Impact of length and position of 5´ UTR poly(A) on protein production

The MLP-NN model was effectively employed to guide the optimization of natural 5´ UTR containing poly(A) (R2 = 0.6227). Reducing the length or removing poly(A) located upstream of 30 nt preceding AUG appeared to be an effective way to enhance protein production. This optimization strategy was successfully applied to GFP and AnFaeA (Fig. 4F, G), indicating its effectiveness across different transcriptional contexts. Traditionally, the natural promoter and 5´ UTR from the same gene were used together to drive the expression of the gene of interest.

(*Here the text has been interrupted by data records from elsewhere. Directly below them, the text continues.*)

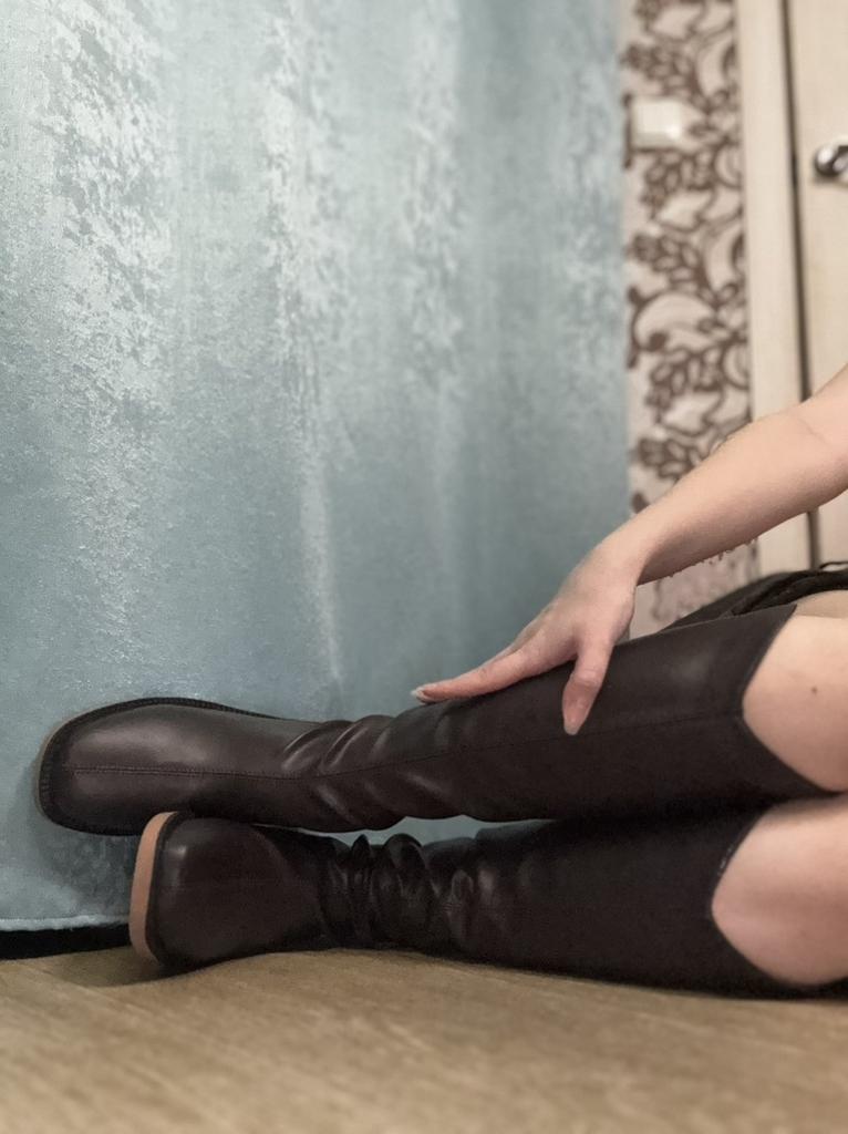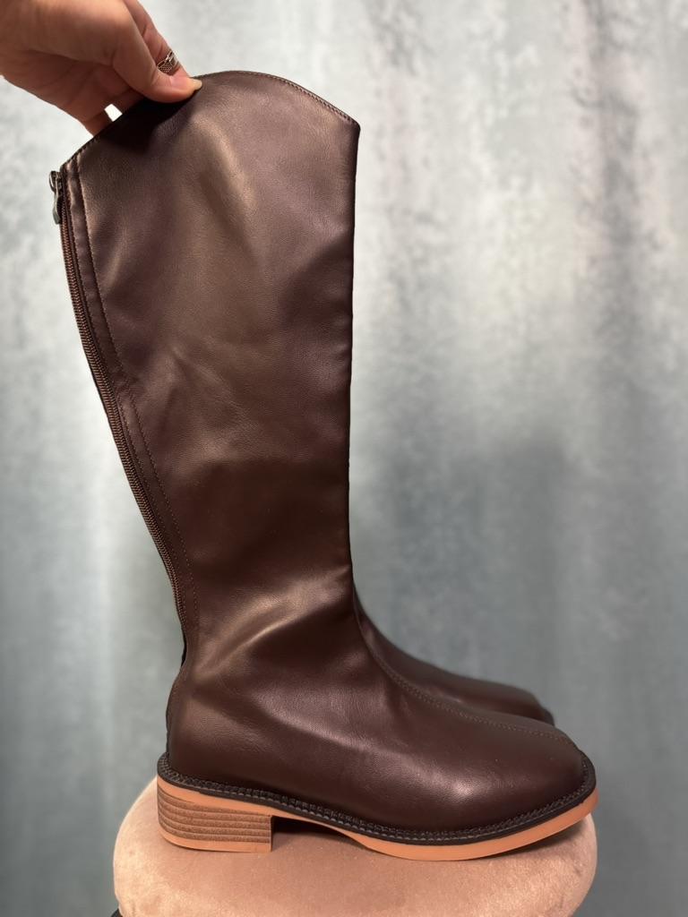 Women Knee-high BootsLeather Natural Leather Ladies Bootie Autumn and Winter Velvet Western Boots Goth Shoes Long Botas
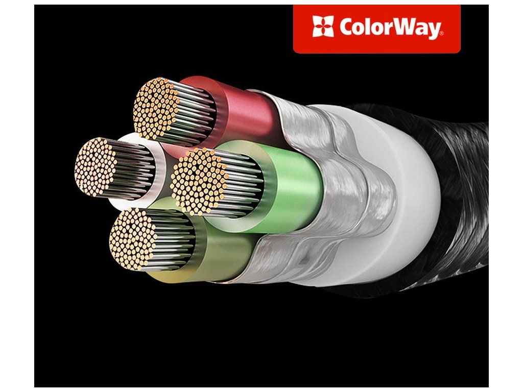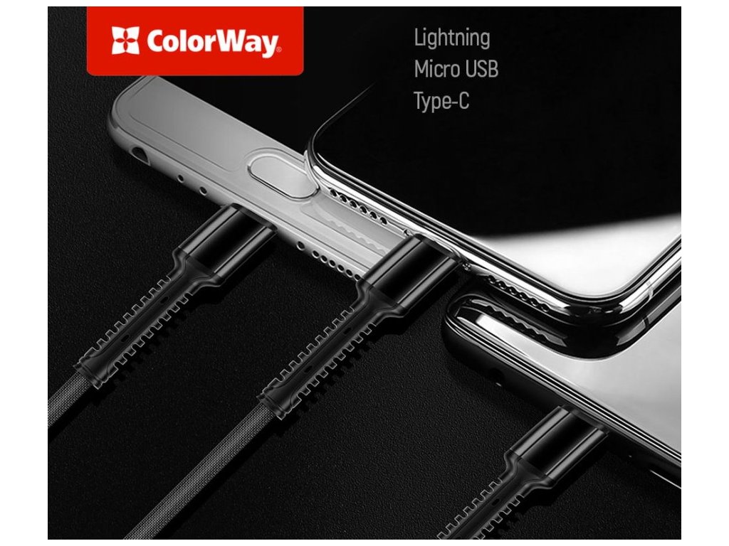 Univerzální kabel Colorway 3v1 pro rychlé nabíjení smartphonů, tabletů a dalších elektronických zařízení, která jsou kompatibilní skrze konektory Lightning, micro USB a USB-C. Poskytuje nejenom rychlé nabíjení, ale také ochranu proti poškození díky nylonové vrstvě, která zabraňuje nadměrnému ohýbání kabelu. Každý z konektorů je opatřen speciálním těsněním, které eliminuje riziko zlomu.
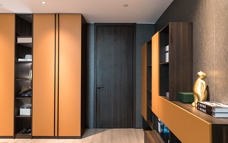 臥室門的顏色選擇,注重與整體家具相搭配,同時與室內的墻面顏色形成一定的反差,讓臥室顯得更加有層次。為了改變深色調的沉悶感,地面采用淺色木紋的木地板,衣柜等臥室家具的門板采用橙黃色,點亮了空間的活力,營造沉穩(wěn)中帶有溫馨的氣氛。
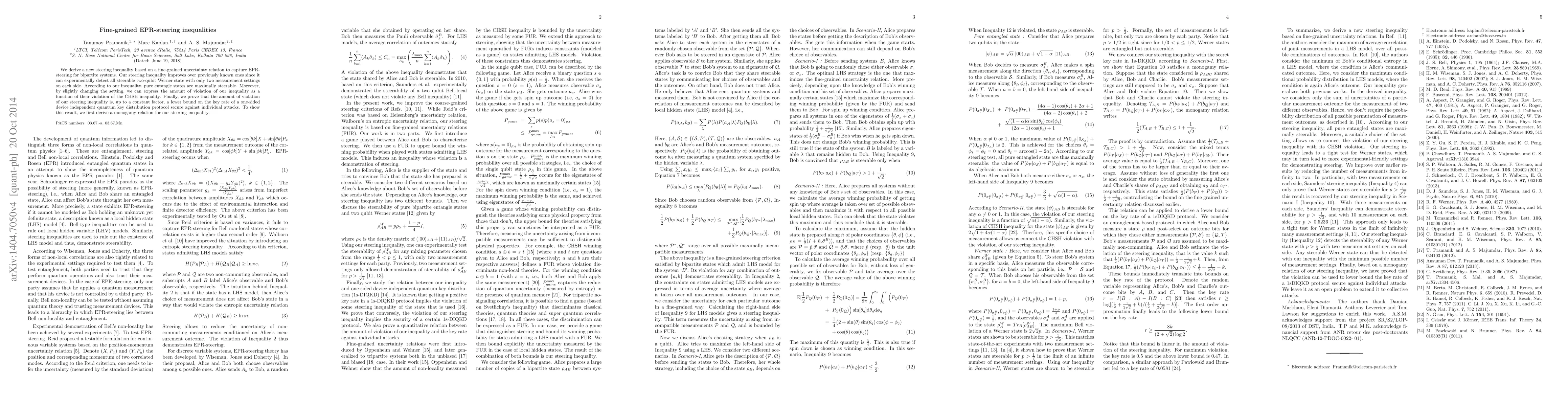 We derive a new steering inequality based on a fine-grained uncertainty relation to capture EPR-steering for bipartite systems. Our steering inequality improves over previously known ones since it can experimentally detect all steerable two-qubit Werner state with only two measurement settings on each side. According to our inequality, pure entangle states are maximally steerable. Moreover, by slightly changing the setting, we can express the amount of violation of our inequality as a function of their violation of the CHSH inequality. Finally, we prove that the amount of violation of our steering inequality is, up to a constant factor, a lower bound on the key rate of a one-sided device independent quantum key distribution protocol secure against individual attacks. To show this result, we first derive a monogamy relation for our steering inequality.
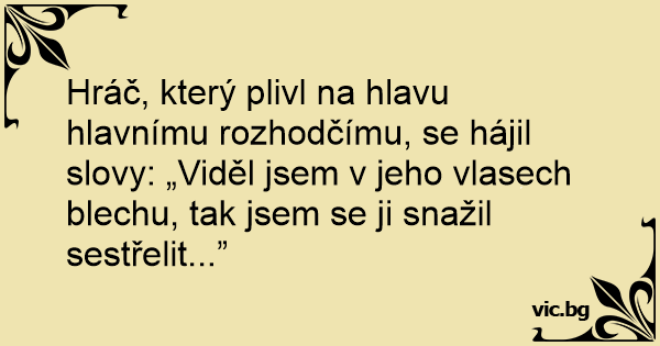 Hráč, který plivl na hlavu hlavnímu rozhodčímu, se hájil slovy: „Viděl jsem v jeho vlasech blechu, tak jsem se ji snažil sestřelit...”
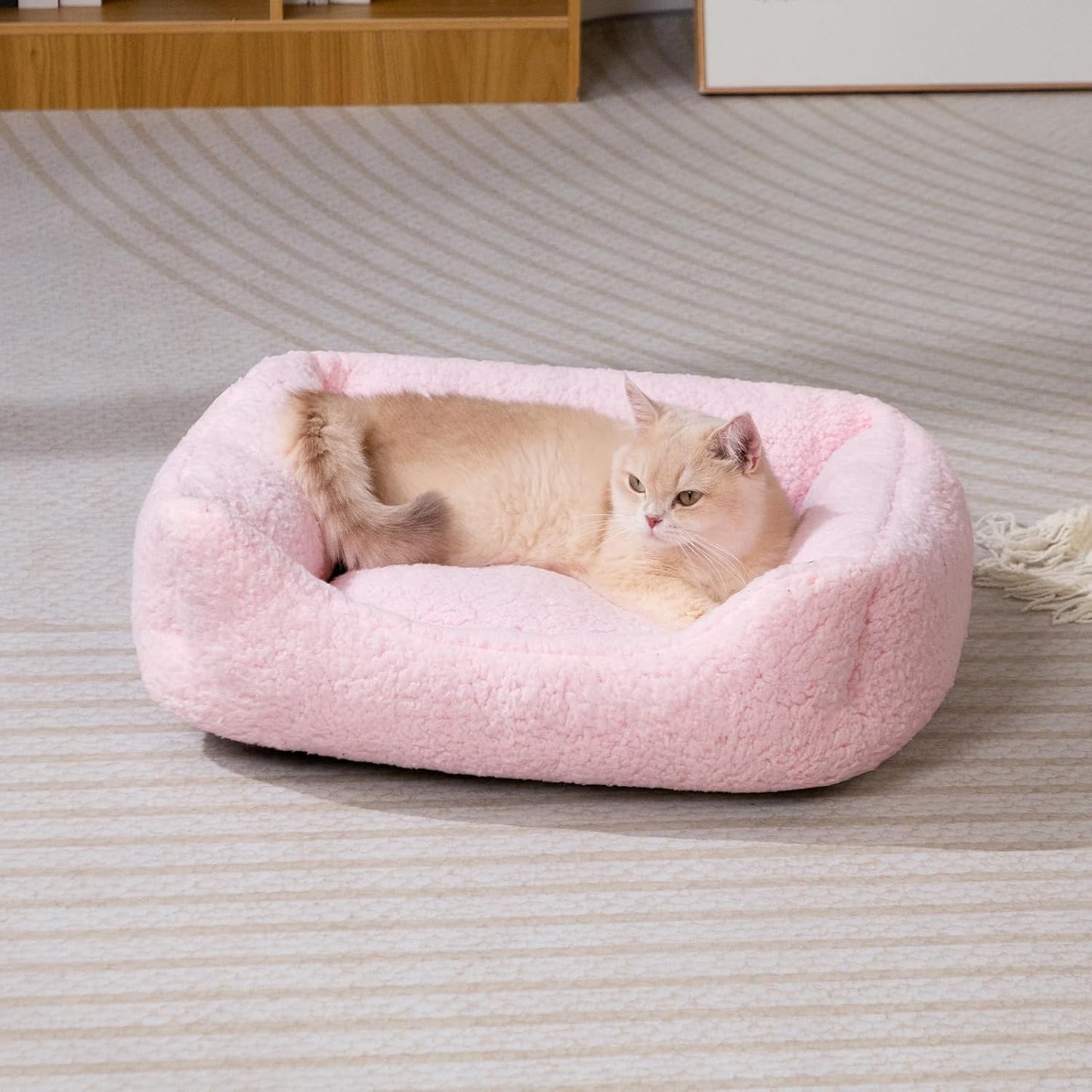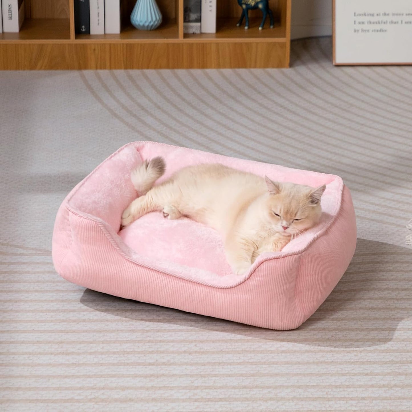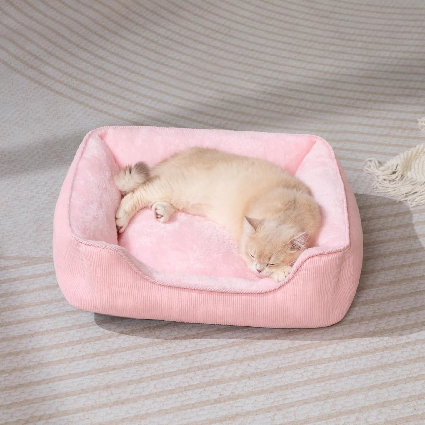 Cat Bed Small Dog Bed Pet Bed for Cats and Puppy, Soft Pet Sleeping Bed Breathable Pet Cushion, Beige(55 * 45 * 15cm)
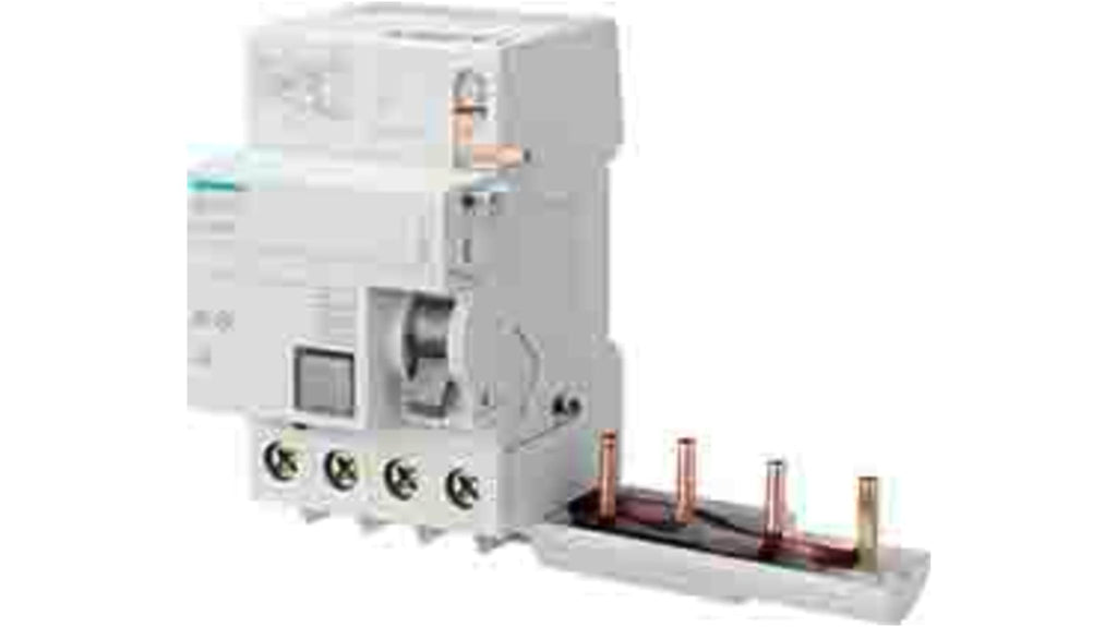 Modulo di collegamento per interruttori automatici, configurazione a 4 poli, tipo A. Corrente di guasto di scatto 300 mA, corrente d'esercizio 40 A. Protegge circuiti da sovraccarico e cortocircuito, garantendo sicurezza nelle installazioni elettriche. Compatibile con dispositivi Siemens 5SY. Marchio: Siemens, codice costruttore: 5SM2642-6.
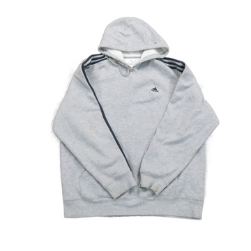 Adidas Mens Hooded Sweatshirt Long Sleeves 3 Striped Pockets Gray Size Large
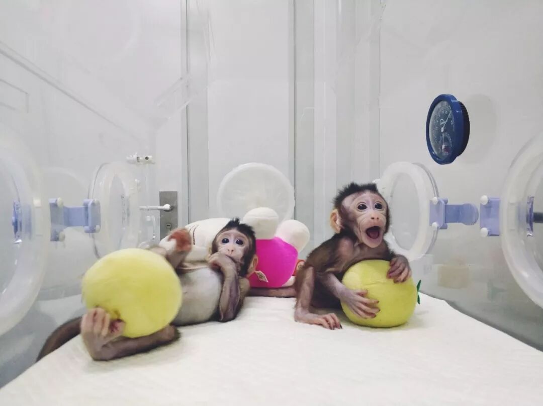 【II】克隆猴的诞生中国科学院神经科学研究所孙强团队24日下午在北京宣布,团队经过5年的不懈努力,突破了体细胞克隆猴的世界难题,成功培育出世界首个体细胞克隆猴。这标志着中国将率先开启以猕猴作为实验动物模型的时代。 2017年11月27日世界上首个体细胞克隆猴“中中”在中科院神经科学研究所、脑科学与智能技术卓越创新中心的非人灵长类平台诞生;12月5日第二个克隆猴“华华”诞生。两只克隆猴均为雌性。在科研人员精心呵护下,截至目前,两只小猴子的各项身体指标均很正常,发育状态良好。
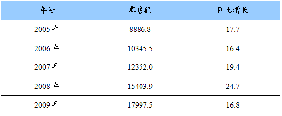 2005-2009年我国住宿和餐饮业零售额增长情况
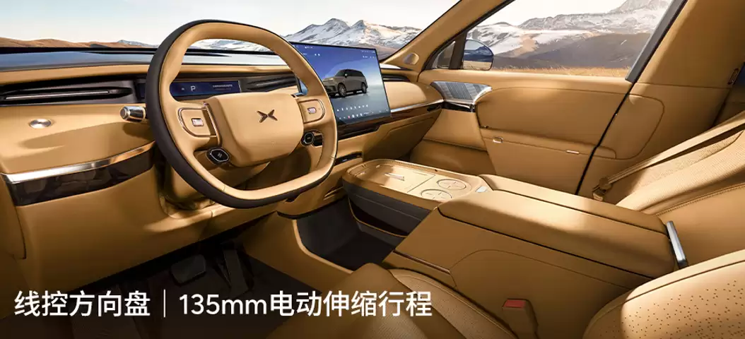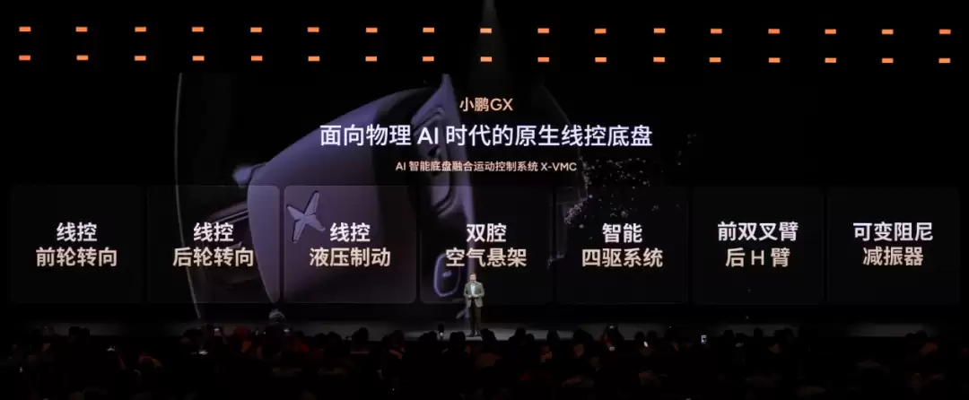 操控性能是小鹏GX的另一大亮点。它搭载了面向物理AI时代的原生线控底盘,深度融合了X-VMC智能融合系统、线控液压制动、线控前/后轮转向、双腔空气悬架以及智能四驱系统。
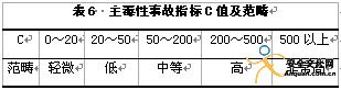 主毒性事故指標C=Q×U=80,查表6可知主毒性事故范疇屬于中等。

Several popular 5´ UTRs used in microbial cell factories, such as the 5´ UTRs of TDH1 and GAL1 in S. cerevisiae [70], and the 5´ UTR of AOX1 in Pichia pastoris [71], contain poly(A) tracts beyond or around 30 nt preceding AUG. Manipulating poly(A)s in these 5´ UTRs might offer a new approach to enhancing yield.

Conclusion

An MLP-NN model was trained using features encompassing 5´ UTR poly(A) length and position, which demonstrated good performance in predicting protein production. The model showed that poly(A) with a distance to AUG between 10 ~ 30 nt is slightly correlated with improved protein production. 5´ UTR poly(A) upstream of 30 nt is negatively associated with protein production. Moreover, the negative effect of poly(A) on protein production increases with tract length. With the guidance of the machine model, reducing or removing poly(A) upstream of 30 nt preceding AUG is an effective strategy for improving protein production. This approach could be applied to enhance the yield of K. marxianus and other microbial cell factories.